The second — and last — time I saw ELP was in Toronto for the Works tour in July, 1977 at CNE Stadium. I felt that “Pirates” was one of their masterworks, and was eager to experience that composition live. Unfortunately, this was one of the dates where the orchestra was not present. Emerson Lake and Palmer had started this tour with the orchestra traveling with the band to each city, but considering the cost of transporting a large number of musicians most dates consisted of just the band, and the Toronto stop was one of them. For whatever reason, ELP didn’t take the approach that Yes did for their Yessymphonic tour of 2001, where only the conductor travelled, and the orchestra was contracted from the city hosting the performance.
Flash forward to Yes’ Ladder tour, where I was site manager for YesWorld. It was Yes’ three-day stint at the House of Blues in Hollywood in November 1999 where I first met Keith Emerson at an after-show party. We chatted about Yes’ show that evening, including a possible tour with Yes and ELP co-headlining, though that never came to be.
The second the last time I saw Keith was even more memorable. It was after a Yes performance at Anaheim Stadium on April 20, 2004. Having an All Access pass allowed me to hang out at the hall after the show was over and socialize with friends without being shooed away. On this evening, my wife Cindy and I were heading backstage when we ran into Emerson with a female companion (apologies but her name escapes me). Having remembered me from our first encounter at the House of Blues, he asked if I could help them get backstage to say hello to the band. I was more than happy to do this, given that my pass allowed me to escort anyone backstage.

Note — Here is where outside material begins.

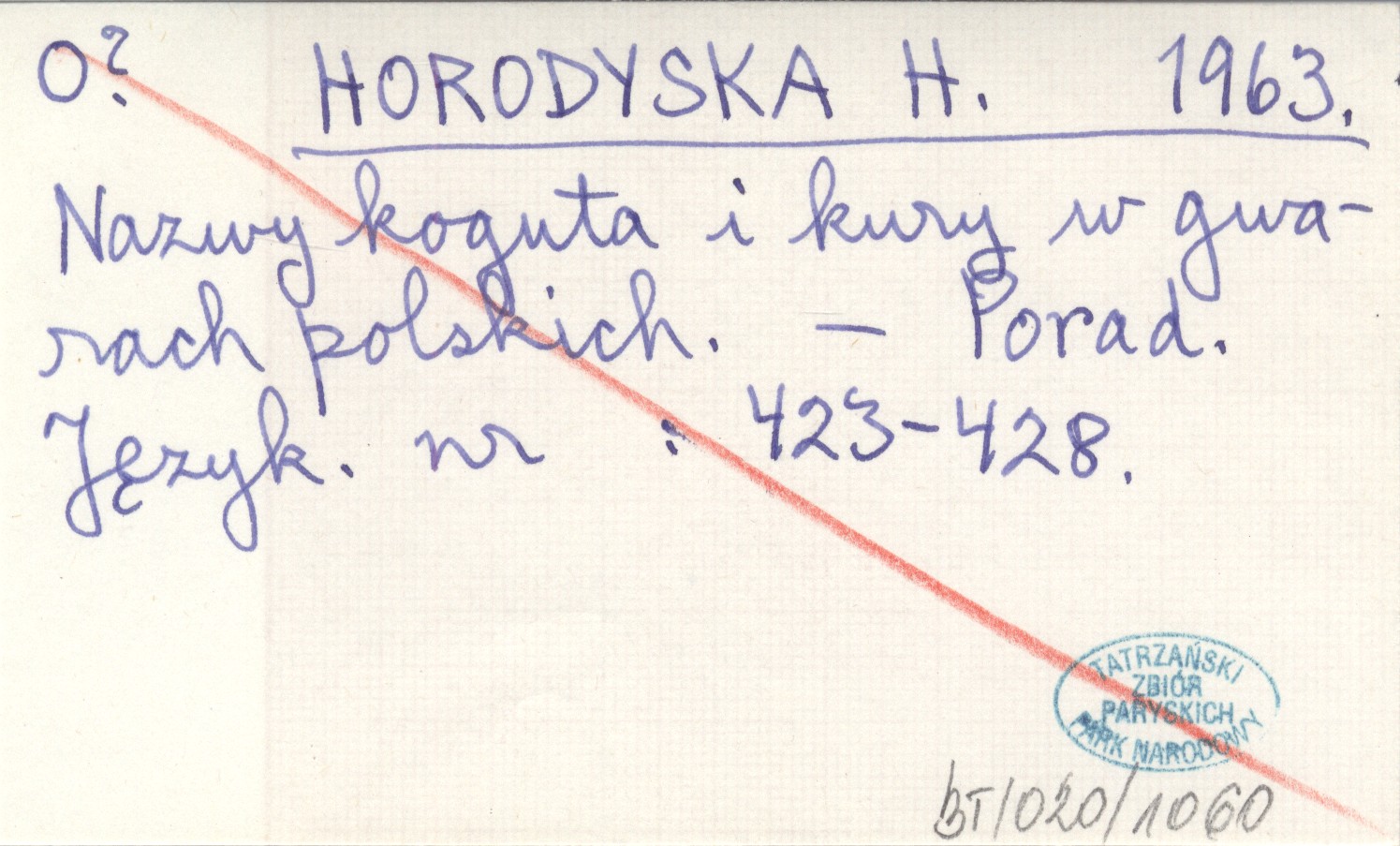 HORODYSKA H. 1963 Nazwy koguta i kury w gwarach polskich.

Upon reaching the backstage area, there appeared to be more excitement than usual. We learned that Jack Black was present and was going to have some photographs taken with the members of Yes. What was significant about this meeting was that Black had been a proponent of prog, beyond what was scripted in School of Rock, even though it probably echoed his own sentiments.
It was a no-brainer to ask if Keith Emerson would be in the photos, and pictures were taken with everyone together and in various combinations. It’s especially gratifying to see Rick Wakeman and Keith together in these photos, considering they had an ongoing friendship and admiration for each other’s talents. They would speak on many occasions of working together, which, sadly never came to pass.
Learning of Keith’s death left me numb and shaken. Too often when a musical great dies the thing to say is that the music will live on. I thought of that when I learned the news but, while it’s true in this case, it seemed to ring hollow, and does little to help deal with the loss — especially given the way Keith exited this world.
Having said that, there is no denying his legacy. With ELP, Keith Emerson embraced numerous musical styles and genres, many times putting a different spin on others’ compositions (including Copeland’s “Hoedown,” Mussorgsky’s “Pictures at an Exhibition”). This distinguished them from their contemporaries who may have adapted others’ songs early in their careers but ultimately abandoned them. Those classics informed ELP’s own originals, taking their fans on exciting musical journeys that may have shared similarities with their prog brethren but demonstrated how they proudly stood apart.
The news of Keith Emerson’s demise brought back how I learned about Emerson Lake and Palmer. I reconnected with John Shannon a few years ago. Although in high school we were more acquaintances than pals, we found that bit had flipped; we communicate regularly and I cherish his friendship today.
Would I have learned about ELP without John’s recommendation? Maybe. But that doesn’t change the fact that John’s casual comment that I check out this group put me on the path for a lasting passion for the wonderful music of a great band — and for Keith Emerson, one of the most talented musicians to ever walk this earth.